Cet homme au visage rond et au ton calme et posé pourra s'appuyer sur un solide réseau tissé au fil des ans, mais devrait cependant se heurter à deux obstacles de taille: son éloignement de la vie politique depuis sept ans, et son positionnement plutôt centriste - en particulier sur la question explosive de l'immigration - qui suscite des interrogations sur sa capacité à passer l'obstacle de la primaire républicaine.

"Je ne sais pas si je serais un bon candidat, je l'espère", a-t-il déclaré dans un entretien diffusé dimanche sur WPLG-TV, filiale d'ABC à Miami. "Je pense que je pourrais être un bon président, pour être honnête. Mais je ne le sais pas non plus", a-t-il ajouté, esquissant au passage le portrait d'un Barack Obama coupé des réalités qui vit "dans sa petite bulle".

Dernière indication en date des préparatifs en cours: il vient d'annoncer ce week-end qu'il rendrait prochainement public quelque 250.000 emails rédigés du temps où il était gouverneur. Dans un souci de transparence et "pour que les gens puissent se faire une opinion", avance-t-il.

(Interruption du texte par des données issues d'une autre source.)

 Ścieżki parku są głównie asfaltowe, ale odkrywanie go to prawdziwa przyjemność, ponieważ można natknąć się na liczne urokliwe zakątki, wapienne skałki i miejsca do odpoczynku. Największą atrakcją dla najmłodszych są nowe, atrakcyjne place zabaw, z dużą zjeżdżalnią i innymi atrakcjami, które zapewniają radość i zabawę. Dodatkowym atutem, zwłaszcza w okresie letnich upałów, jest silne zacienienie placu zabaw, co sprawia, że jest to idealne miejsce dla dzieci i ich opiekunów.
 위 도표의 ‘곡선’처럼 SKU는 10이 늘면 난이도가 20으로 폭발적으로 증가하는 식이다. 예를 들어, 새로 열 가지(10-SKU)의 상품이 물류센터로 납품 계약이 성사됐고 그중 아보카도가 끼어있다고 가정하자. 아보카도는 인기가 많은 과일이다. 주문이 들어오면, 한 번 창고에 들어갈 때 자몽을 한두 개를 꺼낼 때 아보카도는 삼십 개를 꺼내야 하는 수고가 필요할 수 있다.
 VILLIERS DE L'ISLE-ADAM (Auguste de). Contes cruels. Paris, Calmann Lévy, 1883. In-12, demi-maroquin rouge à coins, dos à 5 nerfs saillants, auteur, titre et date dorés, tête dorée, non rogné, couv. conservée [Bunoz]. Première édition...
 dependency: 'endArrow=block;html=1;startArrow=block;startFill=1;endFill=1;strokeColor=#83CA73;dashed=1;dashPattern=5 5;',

Le frère cadet de George W. Bush, qui a lancé son fonds d'investissement en 2008 à l'issue de ses deux mandats de gouverneur, risque-t-il de souffrir du "syndrome Mitt Romney", candidat face à Barack Obama en 2012 ? Les investissements de ce dernier dans des paradis fiscaux ont empoisonné une partie de sa campagne et offert aux démocrates, qui ont réclamé haut et fort la publication de ses avis d'imposition, un angle d'attaque dans la durée.

"Je n'ai pas du tout honte de cela", répond Jeb Bush, qui pourrait être contraint d'ouvrir ses livres de compte pour montrer qu'il n'a rien à cacher. "Une expérience concrète (du monde des affaires) est quelque chose qui peut être utile à Washington", ajoute-t-il, soulignant qu'il mettrait fin à ses activités en cas de candidature et que ses associés s'en sortiraient "très bien sans lui".

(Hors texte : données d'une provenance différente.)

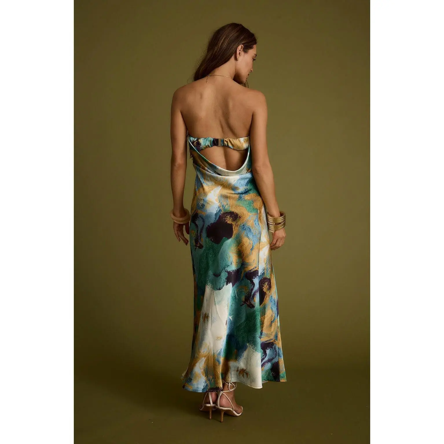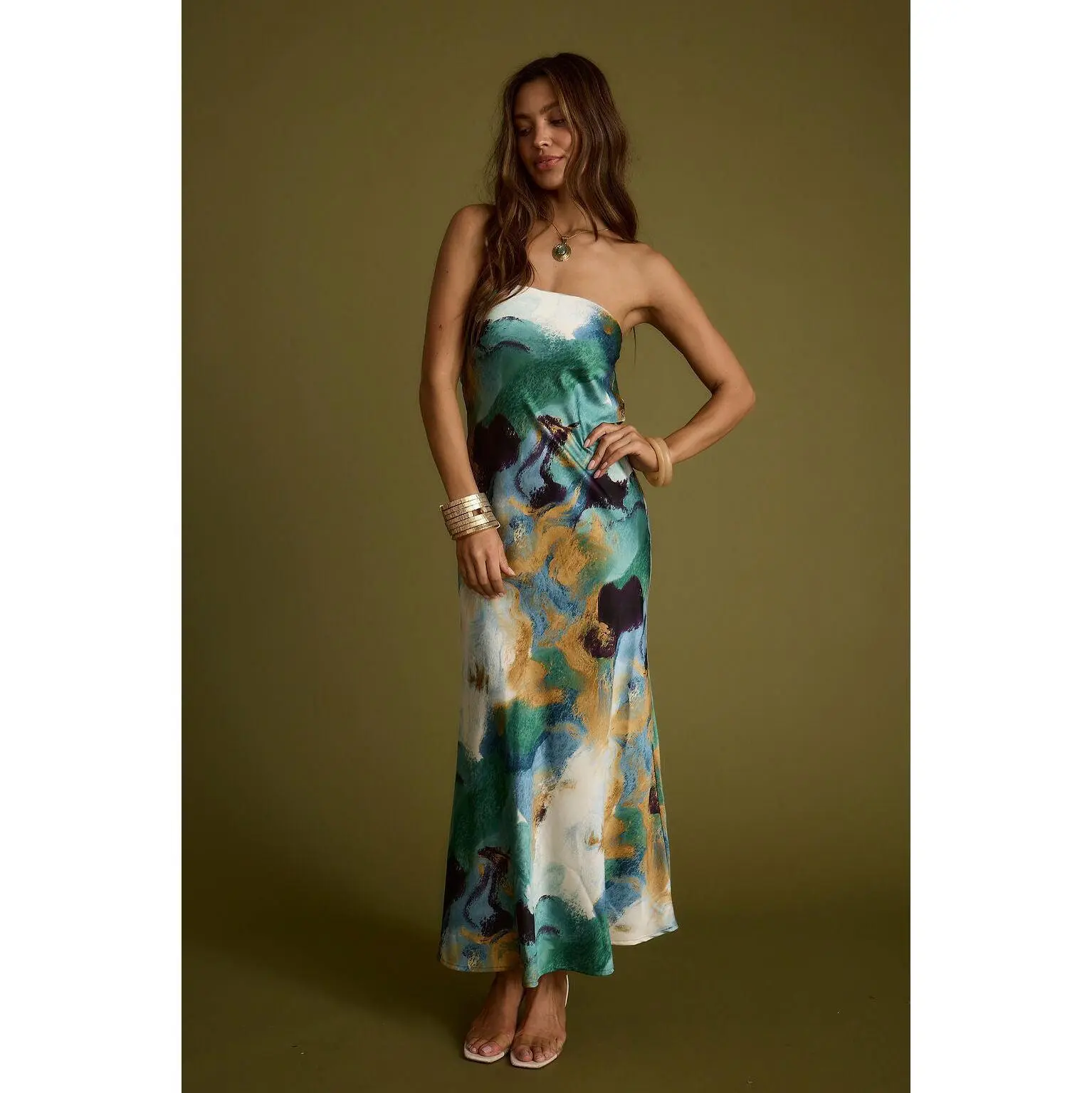 5. Natalia Blue and Gold Watercolor Strapless Maxi Dress

- Un candidat parmi 10 ou 12 -

Ses prises de position sur l'immigration, pomme de discorde entre démocrates et républicains, pourrait, au moins dans un premier temps, lui rendre la tâche politiquement difficile. Le sujet est devenu encore plus sensible encore depuis que Barack Obama a ouvert la voie, fin novembre, à la régularisation de quelque cinq millions de clandestins, sur un total de 11 millions vivant aux Etats-Unis sous la menace d'une expulsion.

Interrogé fin avril avril sur les personnes traversant la frontière de façon illégale, Jeb Bush jugé qu'il s'agissait d'abord d'un "acte d'amour" envers leurs famille. Une vision des choses, réitérée dimanche, qui est loin de faire l'unanimité au sein de son parti.

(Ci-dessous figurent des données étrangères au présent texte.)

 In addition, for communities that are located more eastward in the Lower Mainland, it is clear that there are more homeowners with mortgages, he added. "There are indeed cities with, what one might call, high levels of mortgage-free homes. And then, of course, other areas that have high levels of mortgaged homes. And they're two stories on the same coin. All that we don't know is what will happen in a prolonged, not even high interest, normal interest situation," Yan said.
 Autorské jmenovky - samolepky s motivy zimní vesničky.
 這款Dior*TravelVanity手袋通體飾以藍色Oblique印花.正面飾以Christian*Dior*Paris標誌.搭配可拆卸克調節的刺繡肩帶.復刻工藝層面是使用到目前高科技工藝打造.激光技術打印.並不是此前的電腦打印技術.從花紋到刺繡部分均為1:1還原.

Le positionnement vis-à-vis de son père, mais surtout de son frère, prédécesseur de Barack Obama, pourrait aussi placer "Jeb" en position délicate, s'il décide de se lancer.

Dernier exemple en date: la tempête politique déclenchée par la publication du rapport du Sénat sur les méthodes d'interrogatoires violentes utilisées par la CIA après les attentats du 11 septembre 2001, sous la présidence de George W. Bush. Jeb Bush a opté pour une extrême discrétion sur ce dossier tout comme Hillary Clinton, la grande favorite des démocrates.

Newt Gingrich, ancien président de la Chambre des représentants et candidat malheureux à la primaire républicaine de 2012 face à Mitt Romney, pense que l'ex-gouverneur de Floride va tenter sa chance.

Mais, prévient-il aussitôt, il sera un candidat "parmi 10 ou 12" du côté républicain. "Nous n'avons pas de favori. Cela va être une compétition très ouverte, probablement la plus ouverte depuis 1940".